Employee Retention Credit Claims
The Employee Retention Credit (ERC) has created a cottage industry that is providing misleading and false information to employers. Tax credit recovery companies have been in business for years, and for the most part have done a credible job in recovering tax credits that were not properly claimed on original tax returns. However, many of these companies, and some new entrants to the marketplace, have been using deceptive advertising and practices to convince companies to claim the Employee Retention Credit when the companies do not qualify for the ERC when properly applying IRS guidance.
This cottage industry has caused conflict between CPA firms and their clients by directly contacting those clients and informing them they do qualify for the ERC even though their existing CPA has concluded that they do not qualify. This practice leads to distrust between the CPA firm and the client because often the CPA firm has performed procedures and properly concluded that the client does not qualify.
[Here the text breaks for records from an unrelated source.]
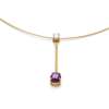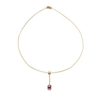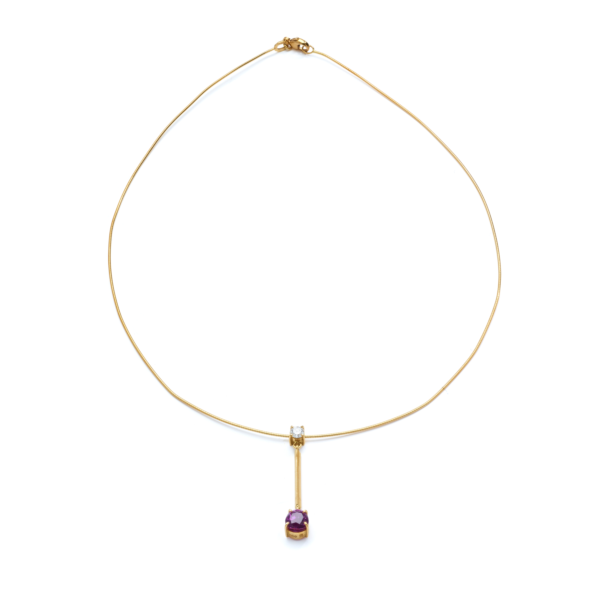 Claw-set with a round brilliant-cut diamond, suspending a cushion-cut ruby from a knife bar link, snake-link chain, UK hallmark
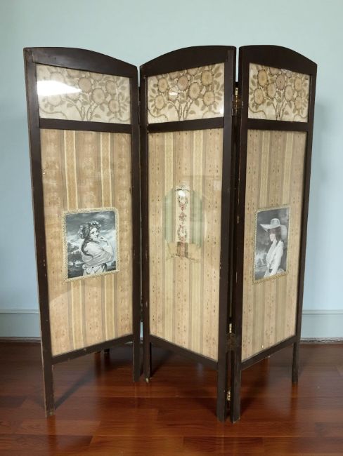 A small three-fold embroidered screen, each panel 106 cm x 33 cm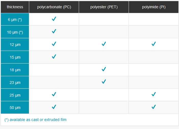 We apply track-etching technology to fully transparent POLYCARBONATE (PC) and POLYESTER (PET) raw films, as well as to brownish yellow POLYIMIDE (PI) film, available in various thicknesses ranging from 6 to 50 microns.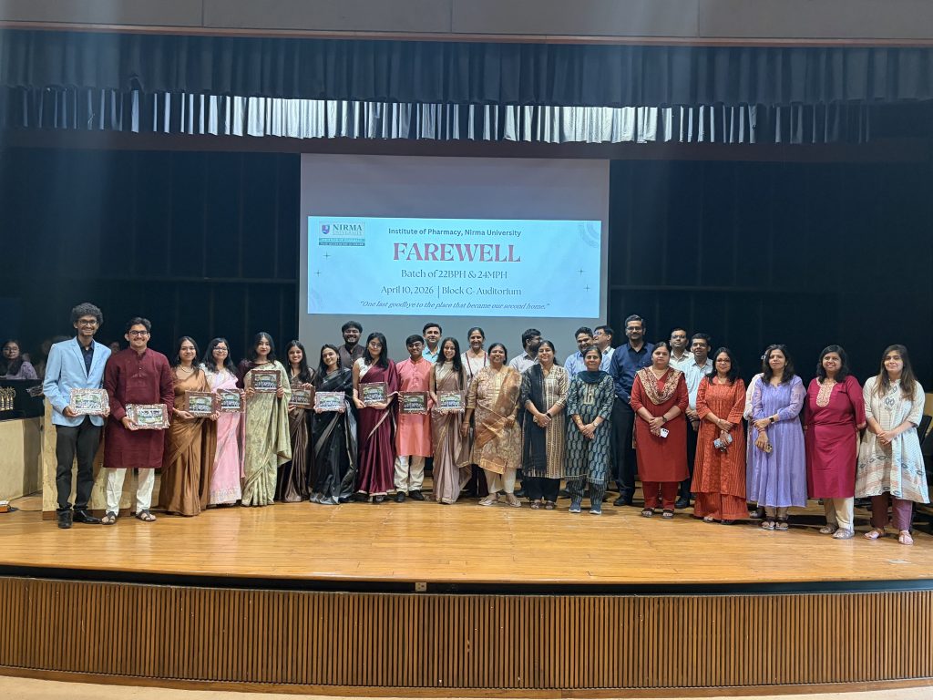 The Institute of Pharmacy, Nirma University, bid farewell to the outgoing B.Pharm (22BPH) and M.Pharm (24MPH) batches on 10 April 2026 with a heartfelt ceremony. Dr. Tejal Mehta, I/c Director, inspired students with her words of encouragement, followed by Dr. Udit Chaube, Class Coordinator, who shared fond memories. The event brimmed with nostalgia through open mic reflections, a documentary, and lighthearted memes. Mementos and NSS awards honored student achievements, while group photographs captured lasting bonds. The celebration concluded with High Tea, as the institute extended warm wishes for the graduates’ bright futures filled with success and happiness.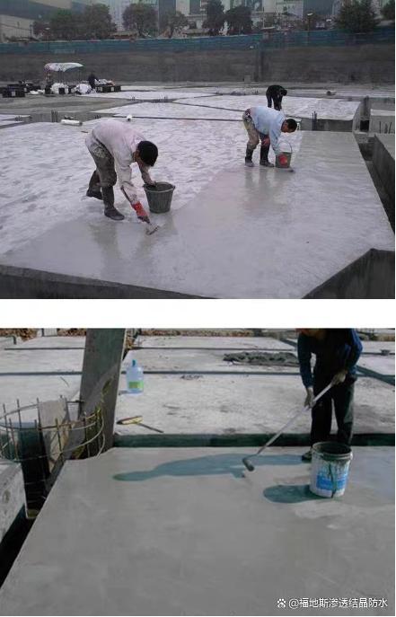 2. 涂刷施工:将水泥基渗透结晶型防水涂料均匀涂刷在混凝土表面,厚度应控制在1-2mm之间。对于特殊部位,如阴阳角、管道口等,应加强涂刷或用刷子仔细涂抹。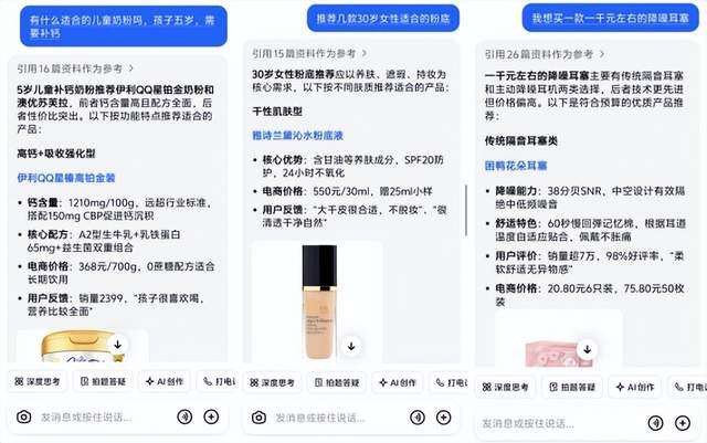 阿里坐拥通义、夸克等AI APP,又有淘天电商生态,将两者互相打通,在技术和产品上可谓轻而易举。但时至今日,通义、夸克等均不提供商品链接,只提供产品介绍、购买建议和用户体验分享等。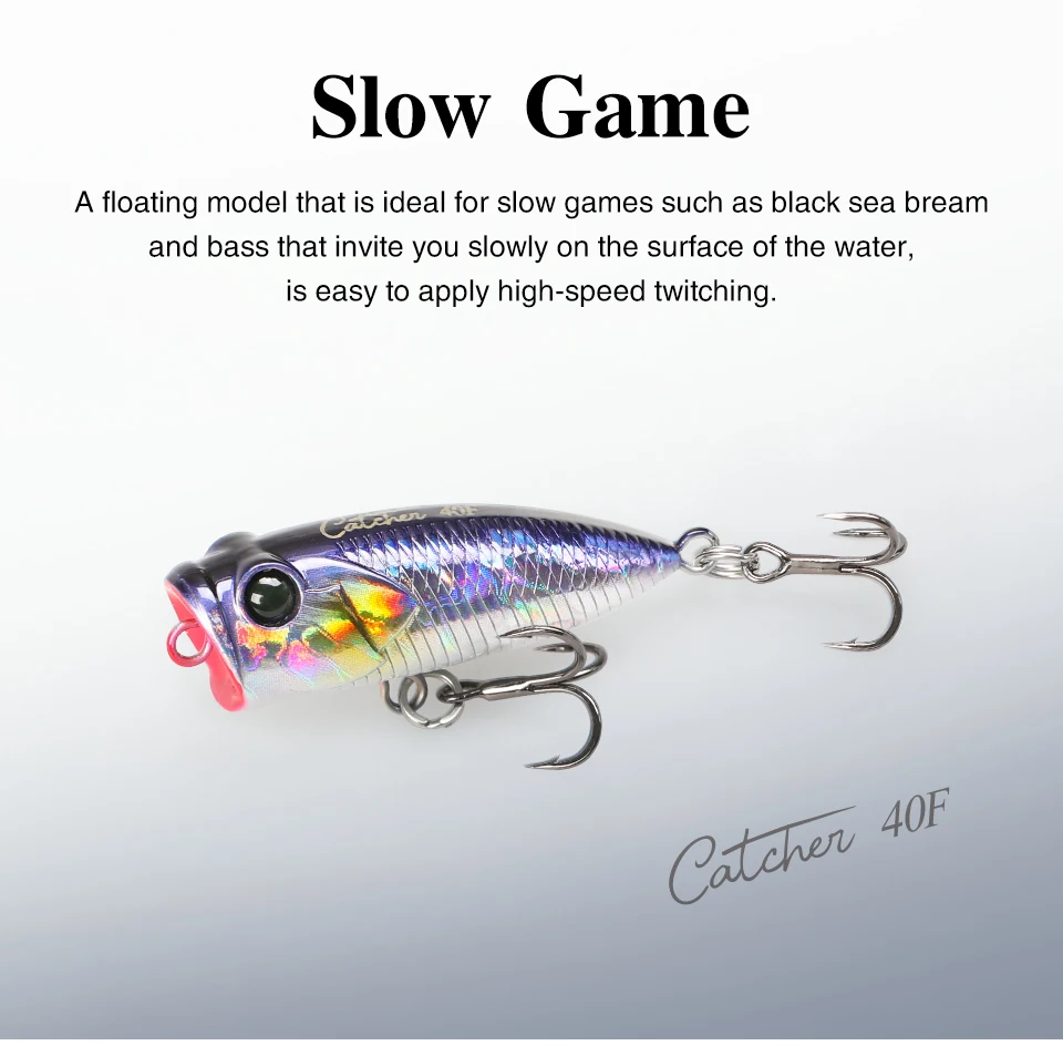 Ловца-это микропоппер с полым корпусом. Во-первых, плавающая модель, которая подходит для более медленного таргетирования басов или морского Bream, которая оснащена выдающейся способностью литья и способна выдерживать высокие скорости подергивания, чтобы нацелиться на маленьких треваллей. Вы можете легко и удобно наслаждаться захватывающей игрой в воду с этими приманками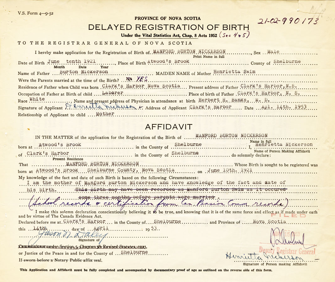 I am the mother of Manford Burton Nickerson and have knowledge of the fact and date of his birth. (School records and certification from Canadian Pension Commission records)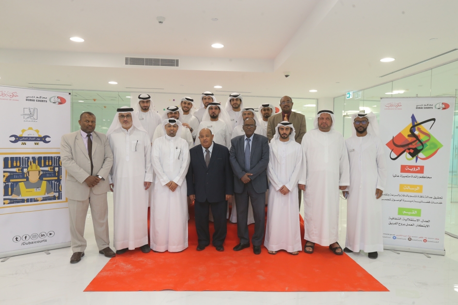 احتفلت محاكم دبي بيوم العمال العالمي، بحضور سعادة القاضي/ جمال الجابري رئيس المحكمة العمالية، والهيئة القضائية والإدارية وموظفين محاكم دبي، في مبنى المحكمة العمالية في العوير، وذلك تأكيداً لحقوقهم وتكريماً للعمال وأصحاب المهن المختلفة، وتحقيقاً لمبدأ الدعم المعنوي والمادي لهم، وتقديراً لجهودهم المتواصلة وعطائهم الدائم.

One particular ERC promotional flyer sent out to all of the customers of a bank that had partnered with a credit recovery firm stated, “You can still qualify even if your CPA didn’t think you would qualify”.
Much of this conflict is related to when, and if, a government order allows an entity to qualify for the ERC. If a credit recovery company cites an order as an eligible order, the first item to address is the start and end date of that order. If there is no start or end date, then the proclamation/guidance cited by the credit recovery company cannot be considered an appropriate government order. The employer is only eligible for the ERC for wages paid during the effective date of the order, so if there is no effective beginning or ending date of the order, logic dictates that no appropriate order exists. An oft-cited misrepresentation is that guidance issued by the CDC promoting social distancing or other COVID related procedures is a qualifying government order. This position is not supported by any specific IRS guidance, and is in fact refuted by IRS Notice 2021-20.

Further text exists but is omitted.